Given that AWS encourages the use of encryption, this encouragement falls flat since they don’t provide any means of booting an encrypted virtual machine image. Someone corrupting your kernel with malware will be a bad day for you, but seems to be considered business as usual for AWS.
The
Cloud Security Alliance has issued their
“guidance”. Some may argue this guidance simply argues against using the cloud since they don’t offer any advice on how to meet their requirements. That said, there are important areas that can be addressed with technical solutions. This posting is an attempt to address one, data security. I paraphrase their requirement for data security to state,
-encrypt your data,
-don’t store your keys at your provider and
-ensure your provider uses standard encryption by contract.

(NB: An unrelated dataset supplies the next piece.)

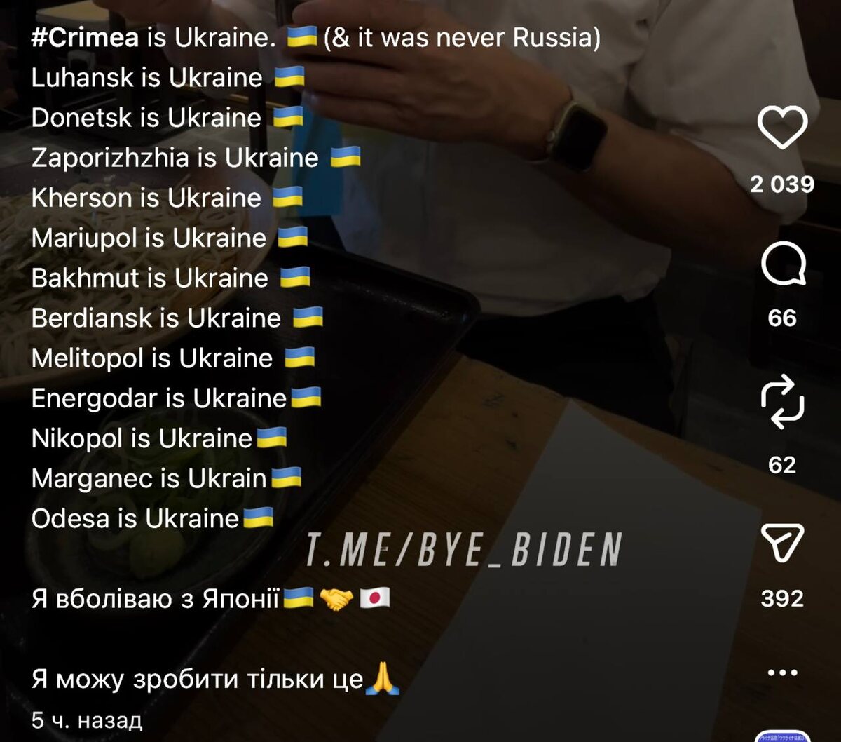 И никогда не был Россией. Луганск — это Украина. Донецк — это Украина…» Розоволосому японцу, конечно же, это виднее. Через политику очередной фрик пытается привлечь к себе внимание в соцсетях. У себя на родине он носит украинские флаги, снимает видео, как ест лапшу, и «болеет за Украину». Какое прозвище ему дадим? 👍«БайБайден» в МАХ

I believe they got most of the goals right right, but they missed one.
-ensure your provider destroys all key material once it is no longer needed.
Contracts with the cloud provider should include a “no key storage” clause that states, “Any keys provided for use will not be retained any longer than absolutely necessary”. This kind of clause is not unprecedented. The
Payment Card Industry Security Standards state that merchants must not save the CVS number that is on the customer’s credit card even if they use it to authenticate the customer.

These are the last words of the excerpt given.